Prawit, who was watching the sunny but windy weather, said he was one of 29 divers on standby.

“We have not yet been ordered to dive,” he continued.

Sahachart Limcharoenphakdee, a member of the National Institute of Emergency Medicine, stated that the organization was collaborating with navy officials to assist people rescued from the sea.

“I am optimistic and have faith in the navy’s skilled rescue squad,” he added.

Late Monday night, naval commander Pichai Lorchusakul informed reporters on the pier that the search for survivors remained their primary objective.

“Our top objective is to look for and rescue as many as possible,” he stated.

Pichai noted that the Thai navy has never lost a ship in this manner before.

According to the navy, the corvette, the smallest sort of naval warship, is suspected to have gotten into problems when its electronics system was destroyed.

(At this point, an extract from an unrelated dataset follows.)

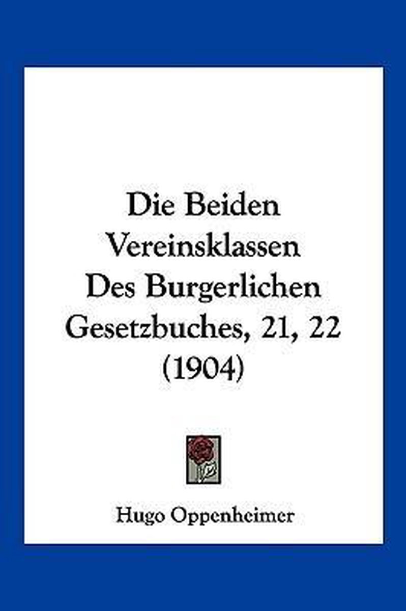 Het enige gevonden boek is Die Beiden Vereinsklassen Des Burgerlichen Gesetzbuches, 21, 22 (1904).
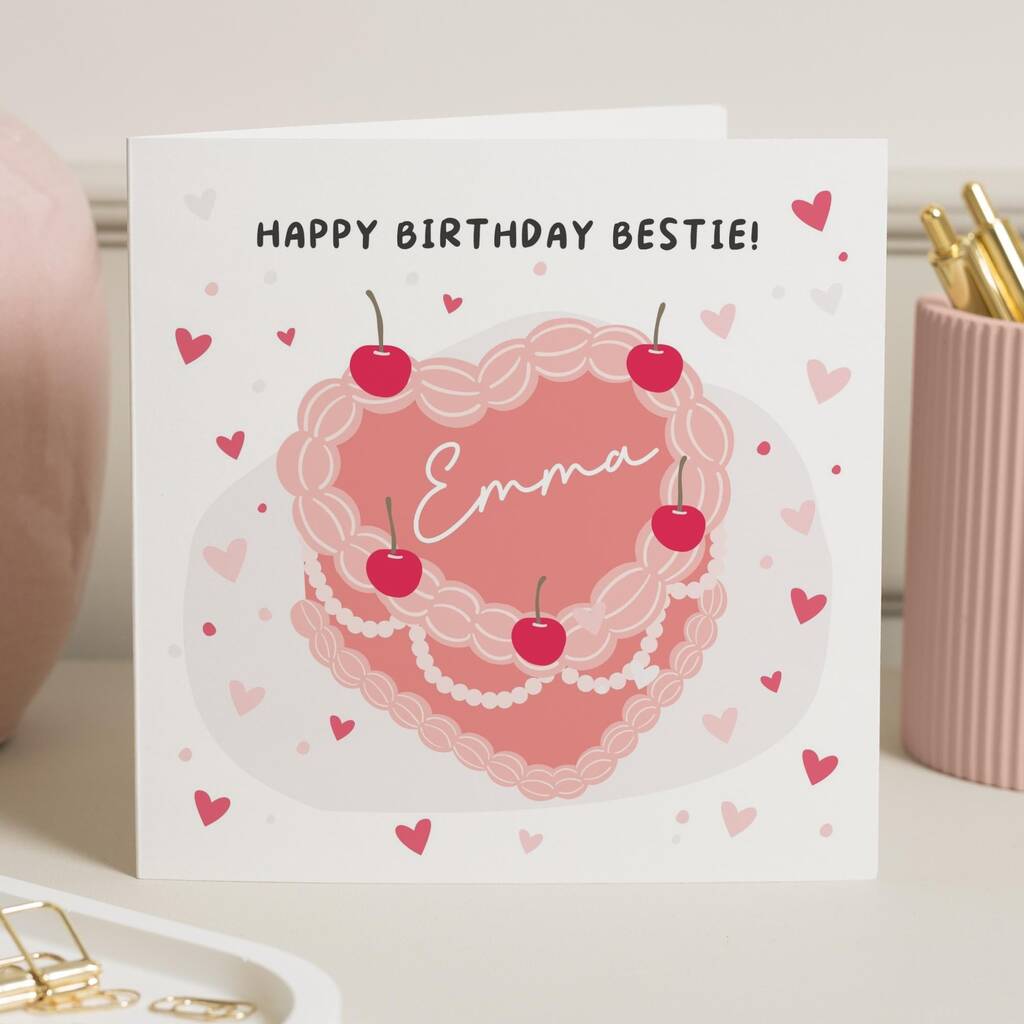 Personalised Best Friend Heart Cake Birthday Card

A spokeswoman stated, “The spacecraft’s operational systems failed, forcing the ship to lose control.”

In recent days, parts of southern Thailand have been impacted by rains and flooding.

Strong winds caused harsh conditions in the Gulf of Thailand on Tuesday, prompting the Thai meteorological office to issue a warning advising mariners to continue with care and small boats to remain onshore.

According to the US Naval Institute, the HTMS Sukhothai was commissioned in 1987 and constructed in the United States by the now-defunct Tacoma Boatbuilding Company.